→ PROBLEM TO WORK ON
Please retype the data below line for line and leave out every picture.

→ DATASET EXCERPTS

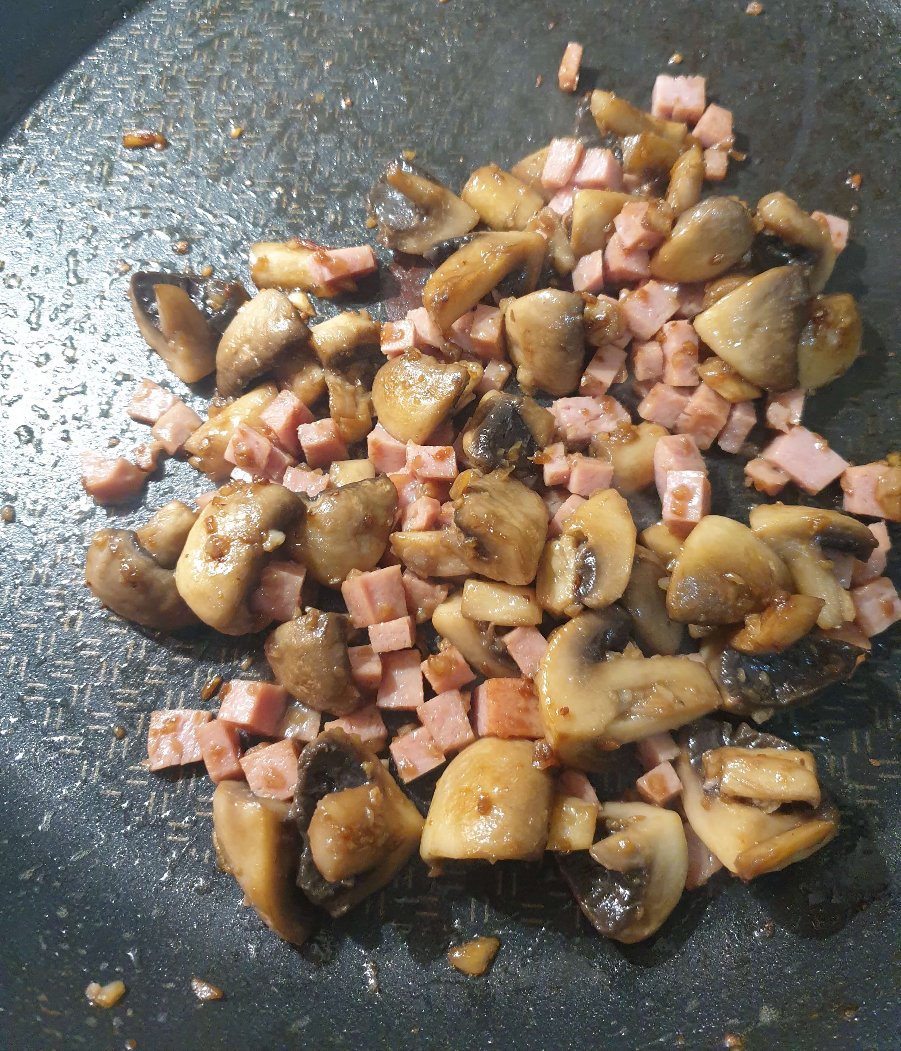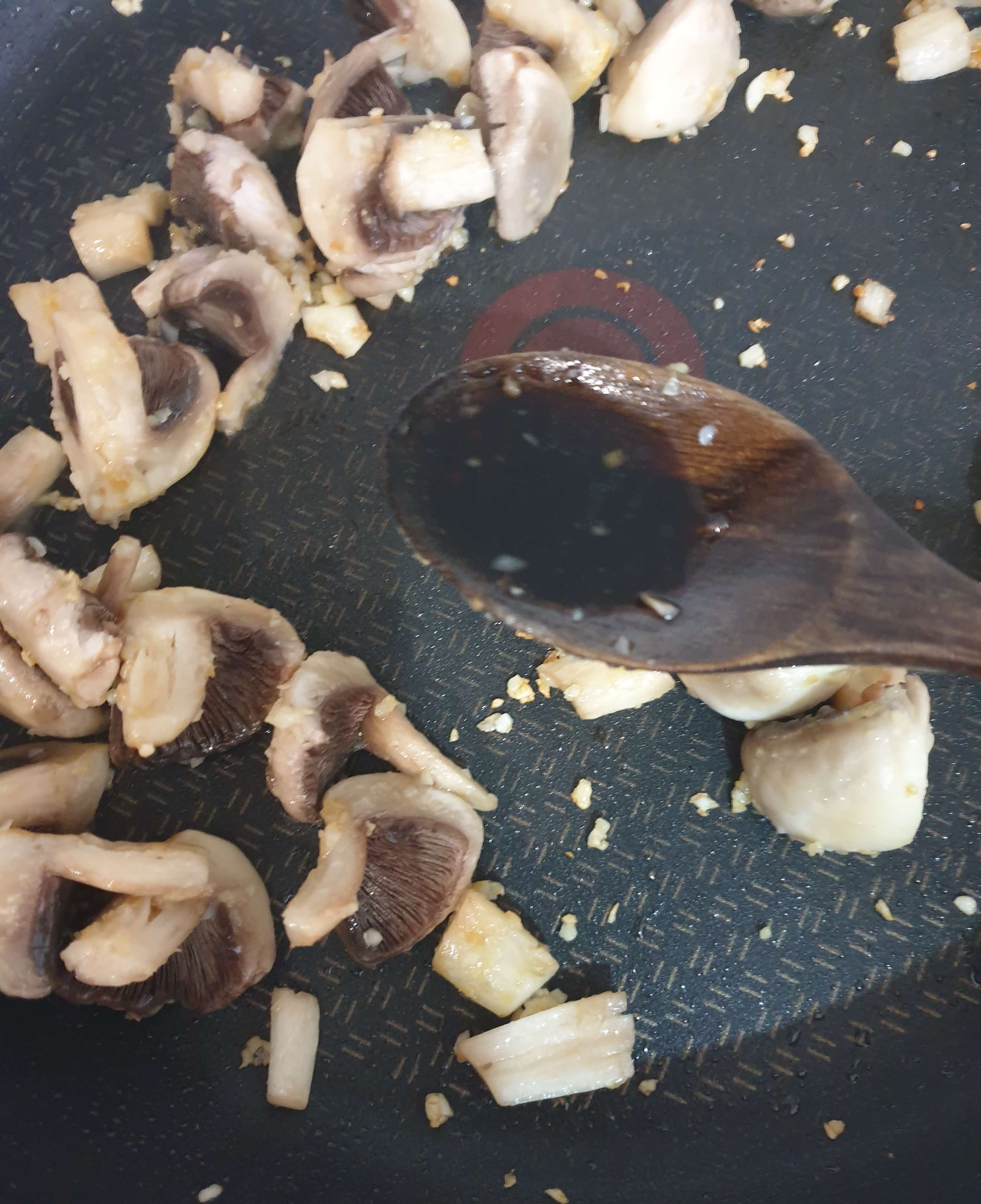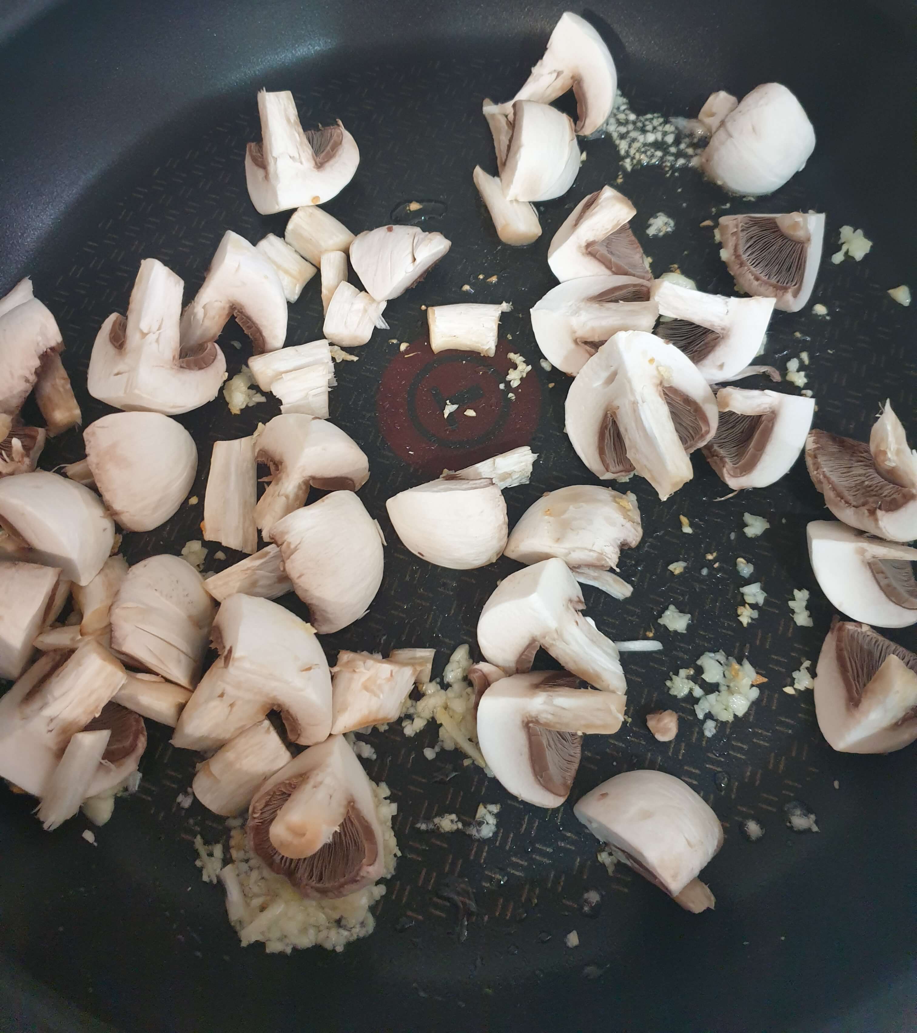 마늘, 버터, 양송이 버섯을 잘 볶은 후
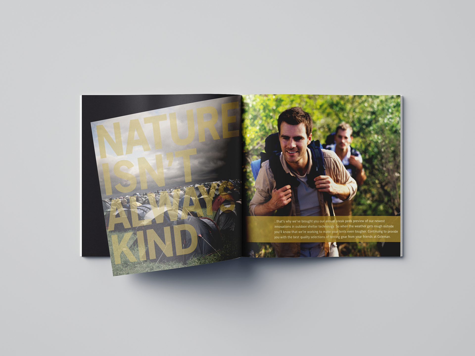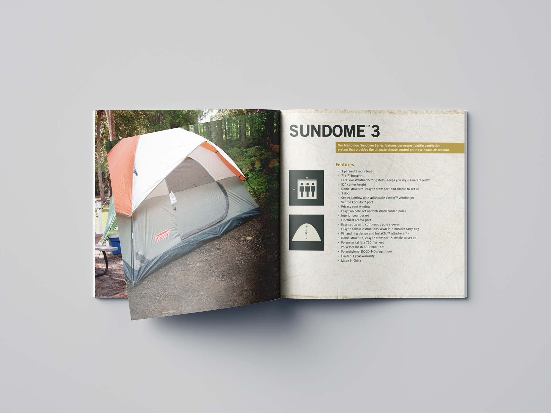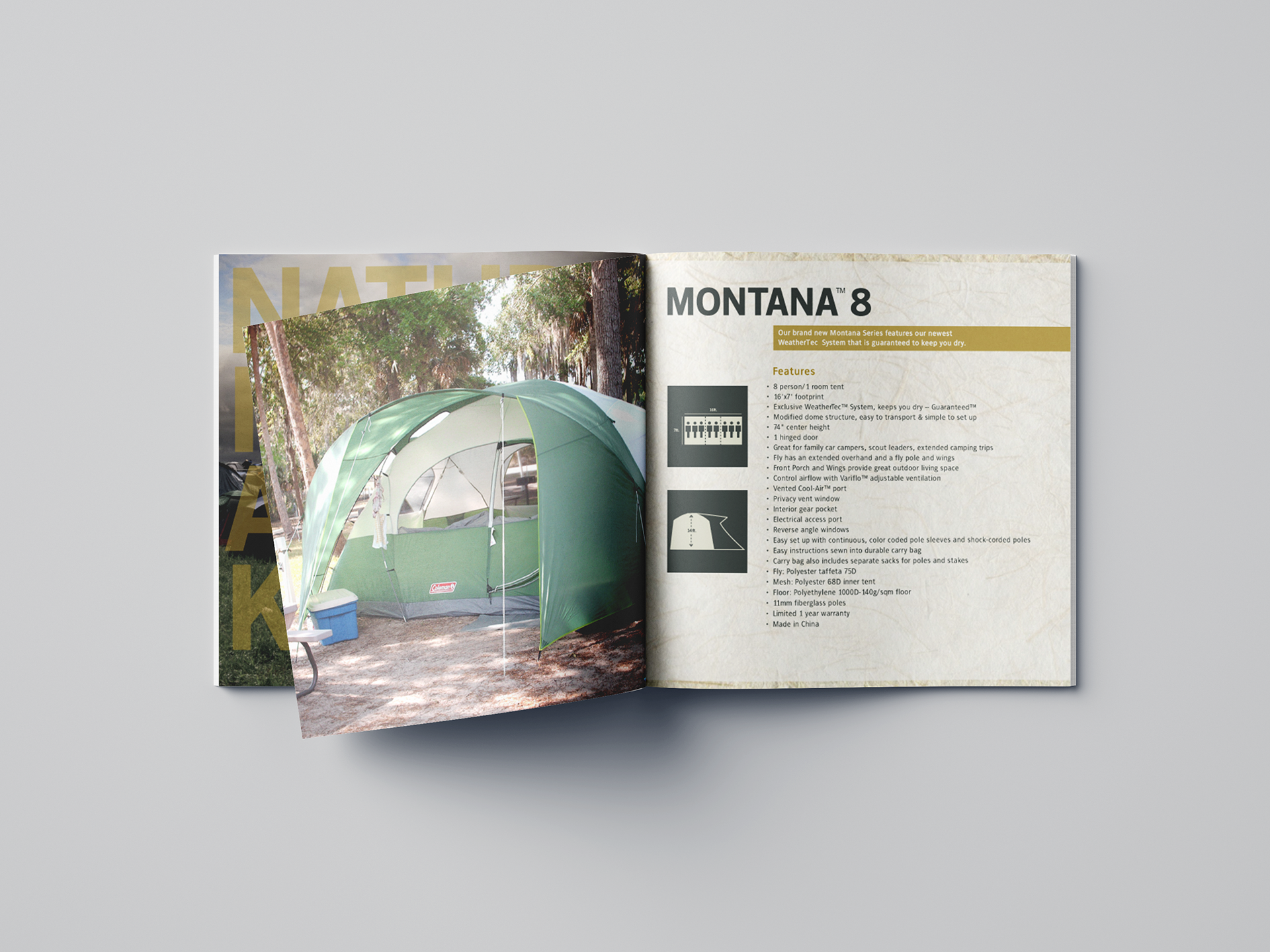 Designed a promotional catalog showcasing upcoming tent products from Coleman, highlighting key features and outdoor lifestyle appeal. The presentation folder also includes a branded business card, providing consumers and retailers with essential contact details and company information to strengthen brand connection and support sales efforts.
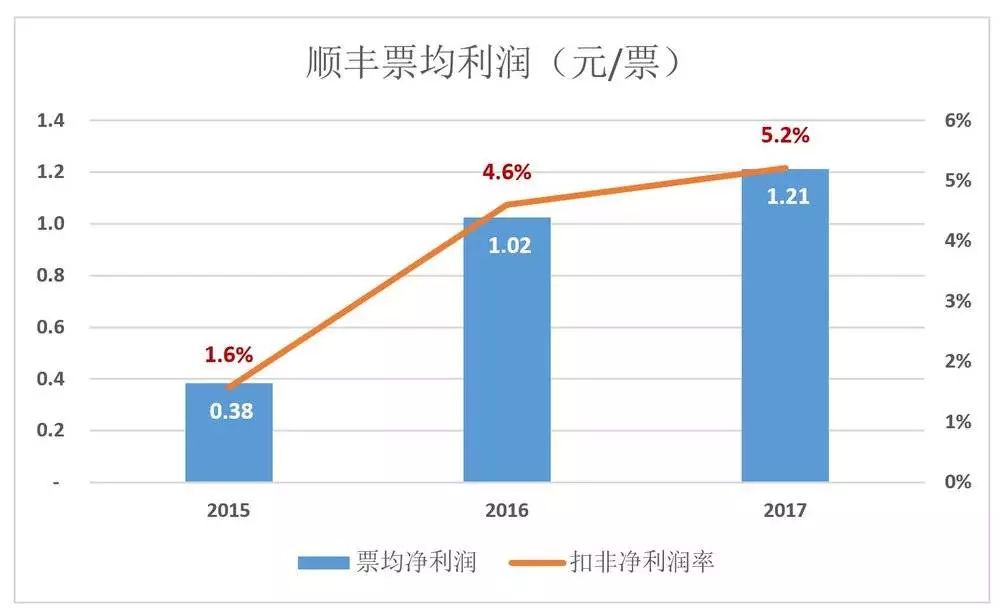 2015年,顺丰每票净利润仅为0.38元,利润率1.6%。2017年每票赚1.21元,利润率达5.2%。
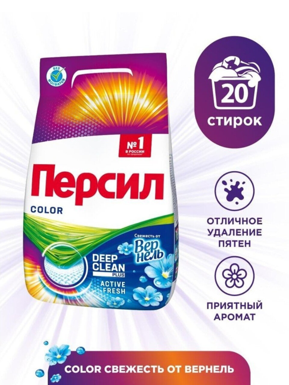 Стиральный порошок Персил Color Свежесть от Vernel предназначен для цветного белья и обеспечивает высокую эффективность стирки благодаря формуле Deep Clean Plus с уникальным сочетанием 13 активных компонентов:
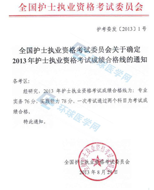 摘要 2013年護士士執業資格考試分數線已公布,環球網校醫學網根據中國衛生人才網最新信息得知:2013年護士執業資格考試成績合格線為:專業實務76分,實踐能力78分。一次考試通過兩個科目為考試成績合格。
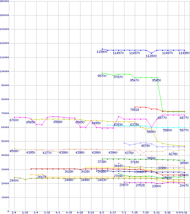 ※点線部は販売店が確認できなかった、または調査データがないことを示します
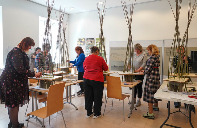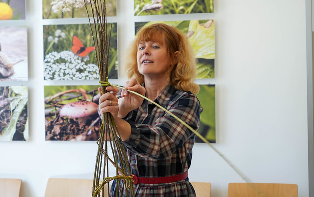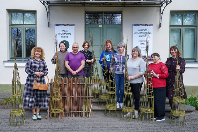Naujenes Novadpētniecības muzejā norisinājās pīšanas darbnīca Inas Vaikules vadībā, kur varēja iemācīties no klūgām nopīt vīteņaugu balstu, kas ir lielisks dekors ikvienā dārzā un noderēs gan puķu zirņu, gan citu vīteņaugu dobēs.
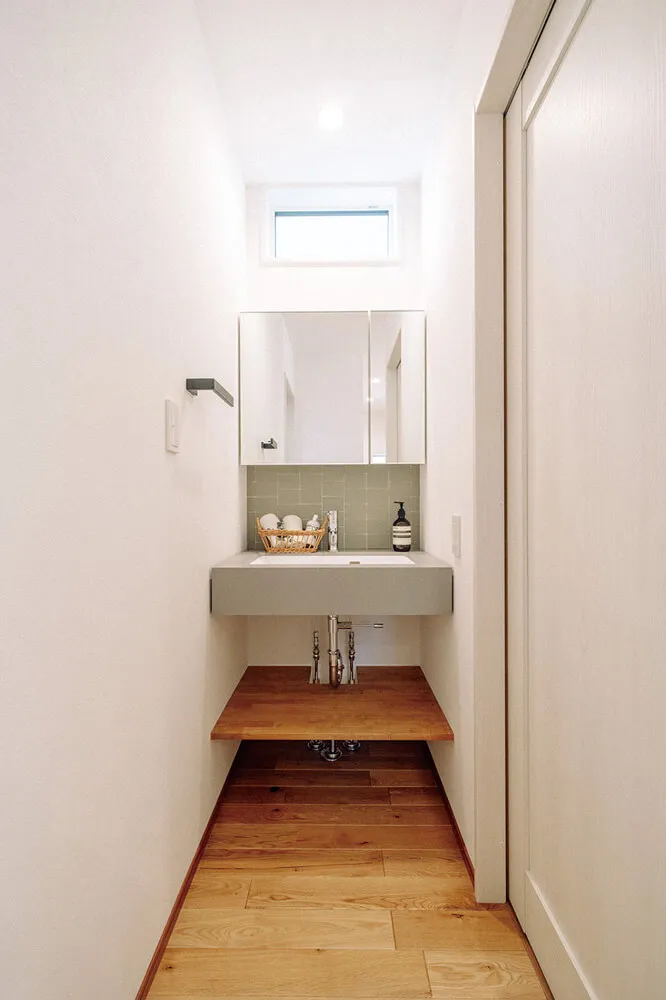 「帰宅してすぐや、トイレ後すぐに手を洗えるようにしたい…」というご要望で、洗面は廊下に出しました。

→ SOLUTION
 마늘, 버터, 양송이 버섯을 잘 볶은 후
 Designed a promotional catalog showcasing upcoming tent products from Coleman, highlighting key features and outdoor lifestyle appeal. The presentation folder also includes a branded business card, providing consumers and retailers with essential contact details and company information to strengthen brand connection and support sales efforts.
 2015年,顺丰每票净利润仅为0.38元,利润率1.6%。2017年每票赚1.21元,利润率达5.2%。
 Стиральный порошок Персил Color Свежесть от Vernel предназначен для цветного белья и обеспечивает высокую эффективность стирки благодаря формуле Deep Clean Plus с уникальным сочетанием 13 активных компонентов:
 摘要 2013年護士士執業資格考試分數線已公布,環球網校醫學網根據中國衛生人才網最新信息得知:2013年護士執業資格考試成績合格線為:專業實務76分,實踐能力78分。一次考試通過兩個科目為考試成績合格。
 ※点線部は販売店が確認できなかった、または調査データがないことを示します
Naujenes Novadpētniecības muzejā norisinājās pīšanas darbnīca Inas Vaikules vadībā, kur varēja iemācīties no klūgām nopīt vīteņaugu balstu, kas ir lielisks dekors ikvienā dārzā un noderēs gan puķu zirņu, gan citu vīteņaugu dobēs.
 「帰宅してすぐや、トイレ後すぐに手を洗えるようにしたい…」というご要望で、洗面は廊下に出しました。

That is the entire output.